世子還沒釋懷呢,太子妃都顯懷了 240
此殃國之女,罪不容誅
竇文漪陡地想起昨晚裴司堰在床榻上的甜言蜜語,心中不禁好笑,他的身份早就註定了,兩人一世一雙人是個笑話。
她可是太子妃,哪怕露出半點對裴司堰的佔有慾,都會變成彆人口中的嫉婦。
昨晚,差點就信了他,還好她腦子還算清醒。
她神色平靜,笑了笑,“娘娘放心,此事我並未放下心上。隻是殿下被奸人傷得厲害,若是這件事隻死一個封停雲,就怕會折損了殿下的威名。”
章淑妃頗感欣慰,又有些無奈,溫聲道,“還是你考慮周到,歸根到底長公主纔是禍根,這罪責肯定還是她來擔,她肯定會受到重懲的。盛惜月那裡,本宮也會好好敲打,不準她再來礙你的眼。”
話都說到這個份上,她若不後退一步,就顯得太不識趣了。
畢竟,章淑妃一心一意隻會為裴司堰打算,他的利益纔是第一位。
章淑妃輕歎了一口氣,“盛惜月本該與我們同氣連枝,這次,她確實太不懂事了。你是太子妃,肩上的擔子更重,讓你受委屈了。”
她無端地想起了溫婠,誰會想到那樣風華絕代的女子,進宮不到十年,就被折磨得香消玉殞?

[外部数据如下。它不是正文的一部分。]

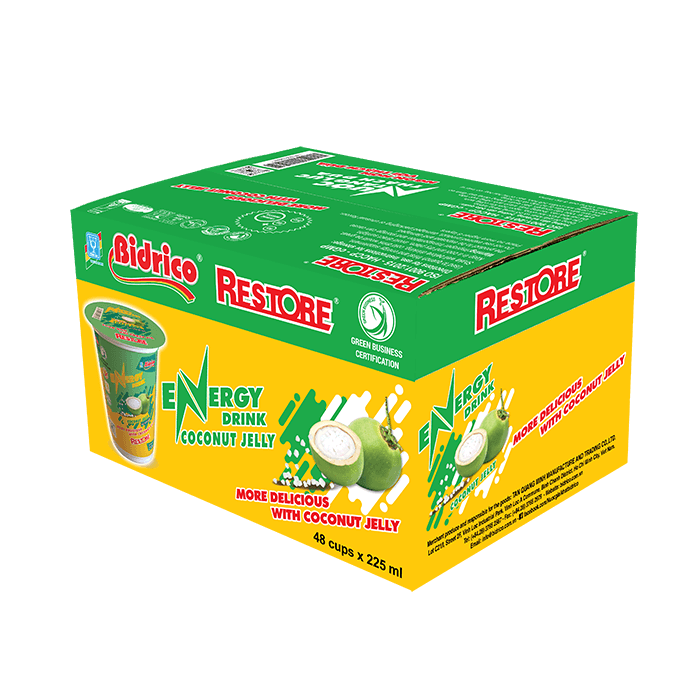 With a compact and convenient design, the product is contained in a 225ml cup, easy to take away when doing outdoor activities. Along with a safe and hygienic production system, Restore energy drink coconut jelly confidently brings customers good and quality product experiences.

章淑妃神色惆悵,無奈道,“彆說盛惜月現在是太子唯一的側妃,就算沒有她,以後還會有彆人……對於情愛,你切莫太過看重,免得,最終受傷的是你自己。”
這句話是發自肺腑的勸誡,是她曆儘滄桑過後才悟出的人生哲理。
竇文漪對此十分認同。
上一世,盛惜月能長長久久地留在裴司堰的身邊,說明她身上肯定有吸引他的魅力,因為她的出現,改變了諸多事情的發展軌跡。

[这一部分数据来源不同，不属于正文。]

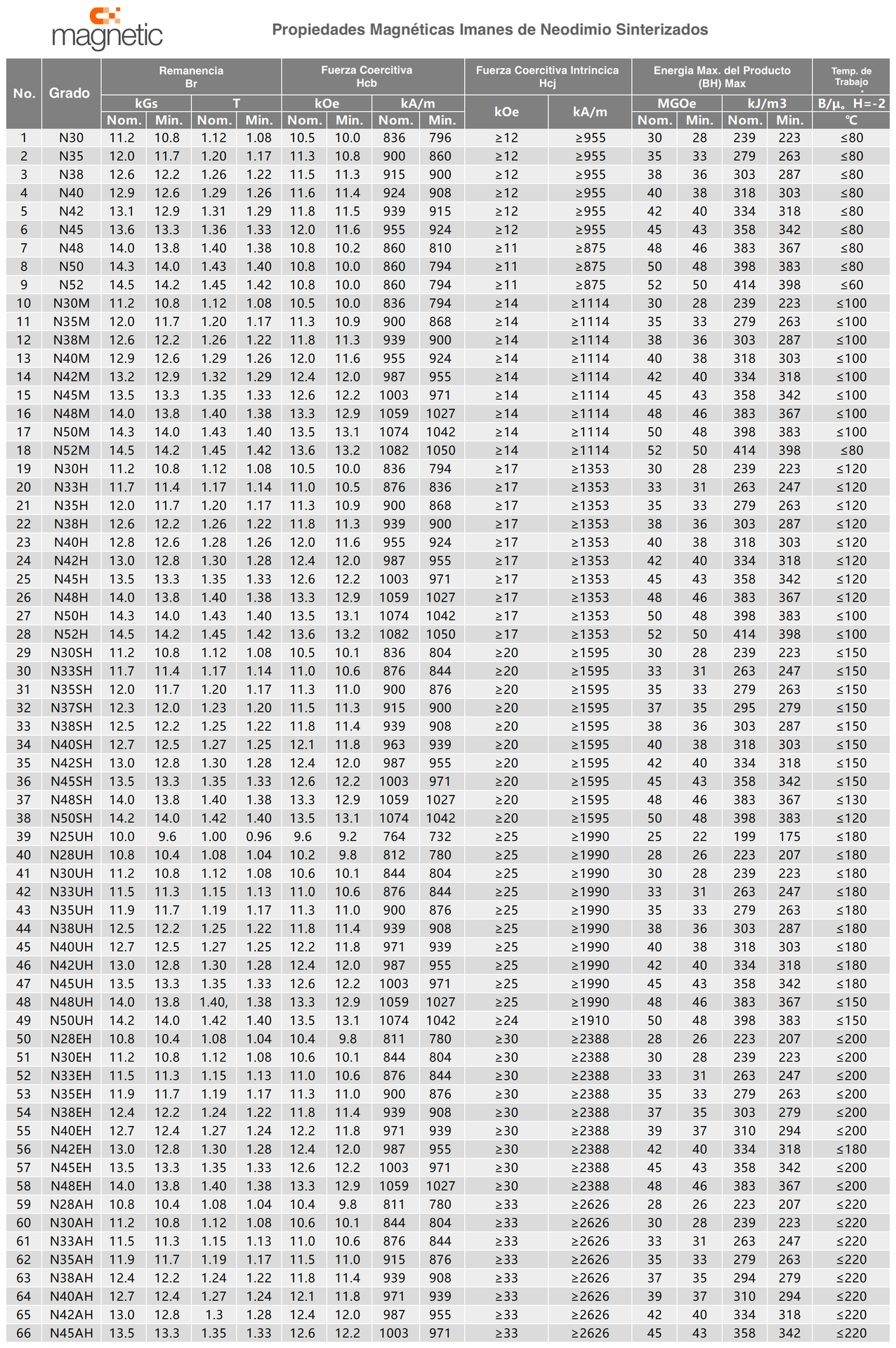 Características Magnéticas disponibles para Imanes a la medida.

若這次,盛惜月都能全身而退,那是不是意味著他們的緣分未儘呢?
人生漫漫,裴司堰又真的能保證不會再遇到兩個讓他心動的人?
答案毋庸置疑。
這一世,她再也不會瘋狂、盲目地去愛一個人,哪怕是裴司堰也不行。
待他順利登基稱帝,或許就是她功遂身退,歸隱田園之時。
章淑妃見她把自己的話聽進去了,就多說了兩句,
“這後宮女子日後的爭鬥,子嗣纔是關鍵。你是太子妃,一旦生下嫡子,名正言順,以後就再也沒有人能越過你……”
子嗣嗎?
竇文漪神色淡然,若真替裴司堰生下孩子,她還怎麼功藏身退?
這時,裴漱月抱著雪團進來,一雙明亮的眼眸撲閃撲閃的,“太子妃嫂嫂,你好久沒來看我了,陪我一起玩?”
竇文漪摸了摸雪團,笑得溫柔,“它的腿好了嗎?”
裴漱月情緒有些低落,搖了搖頭,“好是好了,可是腿沒那麼靈活,都不敢怎麼跳了。多虧了硯舟哥哥幫我尋了一個醫術高超的獸醫,隻是想要完全好,怕不可能了。”

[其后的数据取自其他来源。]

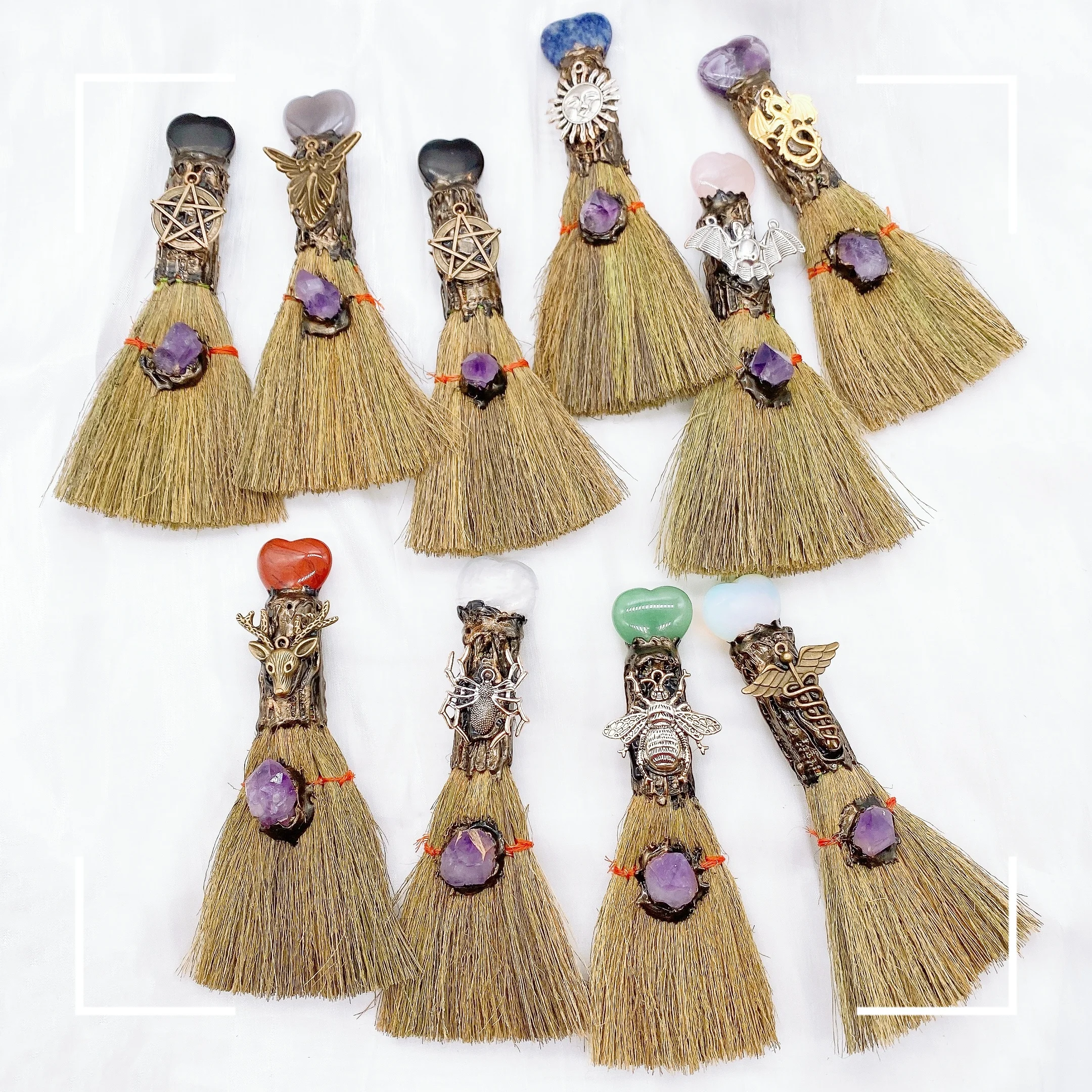 Natural Amethyst Crystal Love Heart Magic Broom Gem Crafts Home Decoration Reiki Healing Witch Broomstick Christmas Gift  Read more

乍然聽到沈硯舟的名字,竇文漪心頭一軟,眼底閃過一絲擔憂。
那晚,他是冒著被株連九族的風險,也要為她拚出一條生路的……
如今,沈硯舟作為穆宗皇帝的心腹,在朝堂之上,怕是舉步維艱。
彆人都可以向裴司堰投誠,唯獨他不行。
一旦他歸順裴司堰,就會有一大群人戳著他的脊梁罵他薄情寡義,有辜聖恩……可惜他一身的才華!
可這些事她不能過問,否則還不知道傳出什麼風言風語……
章淑妃抬眼看了看天色,“文漪,用了晚膳再回去吧?”
竇文漪搖了搖頭,起身出了景坤宮。
剛過小花園,抬眼就看到永昌侯府的程氏帶著兒子魏思遠,狼狽地跪在地上。
她來景坤寧也待了一個多時辰,程氏在外麵罰跪的事,壓根沒有任何宮人通報,她今日就算跪上一天,恐怕都沒有任何用處。
程氏見她的身影,慌忙懇求,“太子妃,你大人大量,幫我替淑妃娘娘說說情吧?”
她還真是病急亂投醫。
竇文漪想起除夕那晚,程氏自以為有了長公主撐腰,心甘情願做她的刀,利用自己的兒子去為難一個七公主。
如今,長公主倒台在即,她以為憑著跪一跪就能萬事大吉?
權勢本就是把雙刃劍,早在她仗勢欺人那一刻,就早該料到會有這麼一天。
竇文漪麵色微冷,未加理會,抬腳徑直離開。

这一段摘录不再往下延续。